In 1949, Sir Henry Cohen, Lord of Birkenhead, delivered an address to the Royal College of Surgeons in London on the surgical approaches to hypoglycemia and hyperinsulinism. In that address, while discussing the advisability of total pancreatectomy for the treatment of these disorders, the chair of medicine at the University of Liverpool stated, “the feasibility of an operation is not the best indication for its performance.”
While advice like that could be applied to many clinical initiatives that have been carried out in the last half century, a recent American College of Cardiology meeting presentation on the ablation of electrical pathways in the left atrium to prevent atrial fibrillation brought this quote to mind. Although ablation therapy is a long way from becoming a certainty, the attempts to prevent atrial fibrillation with this technique are currently quite the rage among electrophysiologists.

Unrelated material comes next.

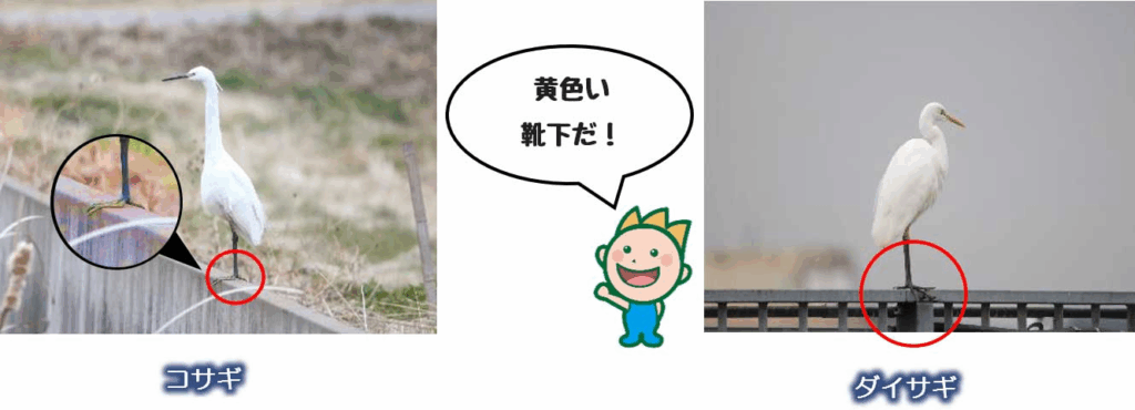 ダイサギやチュウサギと似た姿をしていますが、足が黄色いため見分けることができます。

The trench warfare being carried out in the left atrium as we attempt to prevent atrial fibrillation has captured the imagination of the electrophysiology community. It is proposed that the scarred and “debulked” left atrium will be more likely to maintain normal sinus rhythm and will be a less fertile ground for thrombi formation. Whether either of these proposals can be proved remains to be seen.

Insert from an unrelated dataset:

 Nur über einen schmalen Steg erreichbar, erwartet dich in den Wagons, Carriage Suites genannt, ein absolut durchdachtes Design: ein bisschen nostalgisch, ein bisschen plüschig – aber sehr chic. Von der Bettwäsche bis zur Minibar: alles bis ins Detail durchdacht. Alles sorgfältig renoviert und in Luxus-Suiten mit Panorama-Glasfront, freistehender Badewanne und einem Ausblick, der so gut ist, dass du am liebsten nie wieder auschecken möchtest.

Atrial fibrillation has become a clinical problem of increasing importance as our population ages. The risks associated with atrial fibrillation lie primarily as a source of systemic emboli, particularly to the brain. Although some patients may experience cardiac symptoms as a result of chronic atrial fibrillation, most patients tolerate it very well.
The Atrial Fibrillation Follow-Up Investigation of Rhythm Management (AFFIRM) study clearly showed that there was little to be gained in regard to morbidity and mortality with the establishment of normal sinus rhythm using antiarrhythmic drugs. The major test of efficacy of therapy in atrial fibrillation is the prevention of stroke.
Many patients are driven to ablation therapy to escape the requirement of long-term anticoagulant therapy with warfarin. Although this is a burden, and is associated to some degree with adverse bleeding, help is on the way.
It is likely that in the next few years that advances in pharmacogenetics of warfarin therapy will provide better insight into which patients will benefit from this treatment. In addition, there is likelihood that oral direct thrombin and factor Xa inhibitors will become available and should make anticoagulant therapy more manageable and safer. It also is important to emphasize that ablation therapy may not exclude the left atrium as a source of cerebral embolism.
It is reasonable to continue research in the ablation in patients who are truly symptomatic as a result of chronic atrial fibrillation. However, we should be cautious in offering ablation therapy as an alternative to warfarin anticoagulation at this time.
We are long way from presuming that this form of therapy will give long-term prevention of atrial fibrillation, and even if it does, the risks of stroke may well persist as a result of the of the scarring of the left atrium that occurs with the therapy.